Introsort algorithm in .NET 4.5 – internal implementation details

Even though introspective sort was invented in 1997 (by David Musser) and was taken on  by many frameworks no too long after, Microsoft decided to add it to the .NET platform only in 2012. However, it worth having a look at the implementation, it’s quite smartly written.

Introsort

Currently the fastest sorting algorithm is quicksort but it’s got a couple of edge cases when it performs really poorly – in O(n^2) time instead of the O(n*log(n)) typical runtime. Even though a smart pivot selection makes it practically impossible to have an O(n^2) runtime, “evil” input can force the sorting to fall into this, making the running time much longer than expected.

Musser had two ideas to speed up the typical quicksort algorithm:

  • If the algorithm on any sub-array runs longer than expected (recursion is deeper than log(array size)) then let’s switch to heapsort which is guaranteed to finish in O(n*log(n)) time
  • If the number of elements is small enough don’t use quicksort, simply do an insertion sort which is faster on small data sets 

These two optimizations allow introsort to outperform the “dumb” quicksort implementation on most arrays (even ~200 times on artificial “evil” arrays consisting of 100.000 elements).

Microsoft implementation

Interestingly Microsoft decided not to use the fully optimized introsort in every case: the framework checks the current runtime version which has to be at least .NET 4.5 desktop (full).
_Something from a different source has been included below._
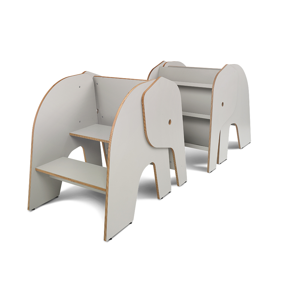 Petit Elof aide avec la charge! Elof est une version plus petite de Elna. Il aime aussi être avec les enfants et il est heureux d'être nourris avec des livres (c'est permis!).  Tablettes pour exposer des livres de face (le tronc) Selon la taille des livres choisis la défense d'Elof peut être équipé de trois étagères ( peuvent être ajustées)

This means that for some reason on mobile devices and older platforms the framework will use a “limited depth quicksort” but will not optimize the sorting of small arrays. My guess is that Microsoft wanted to show a huge performance gain with 4.5 but from engineering perspective it’s a bit hard to sell.
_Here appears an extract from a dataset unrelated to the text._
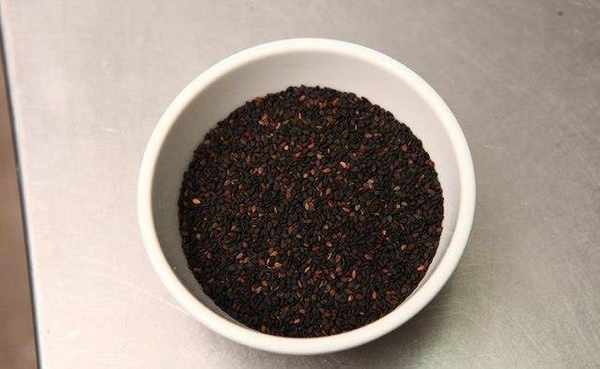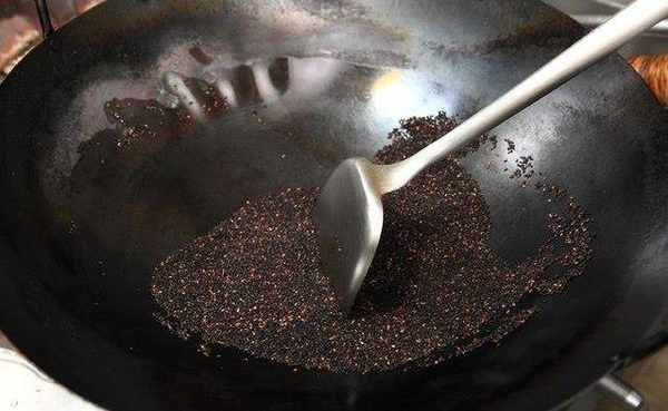 Tips:要炒黑芝麻,因此锅中还是需要些微油量,但油量一多会有苦味,所以用抹的最合适。

Let’s have a look at the pseudo code of the fully optimized implementation:

Introsort()
{
    while(subarray)
    {
        if (length <= 16)
        {
            if (length == 1)
            {
                already sorted, return
            }
            if (length == 2)
            {
                SwapIfGreater left, right then return
            }
            if (length == 3)
            {
                SwapIfGreater left, middle
                SwapIfGreater left, right
                SwapIfGreater middle, right
                return
            }
            InsertionSort(subarray)
            return
        }
        else
        {
            if (depthLimit == 0)
            {
                Heapsort(subarray)
                return
            }
            depthLimit--;
            pivot = QuickSortPartition(subarray)
            recurse IntroSort(right of pivot)
            Set subarray to left of pivot
        }
    }
}

There is a couple of interesting parts to look at. The first is the way the algorithm sorts the 2 and 3 size arrays. The 2 is pretty trivial (swap is not in order), but the 3 is bit more hidden. The first list makes sure that [0] <= [1] holds. The second makes sure [0] <= [2] is true while the third makes sure [1] <= [2] holds as well, ultimately sorting the array.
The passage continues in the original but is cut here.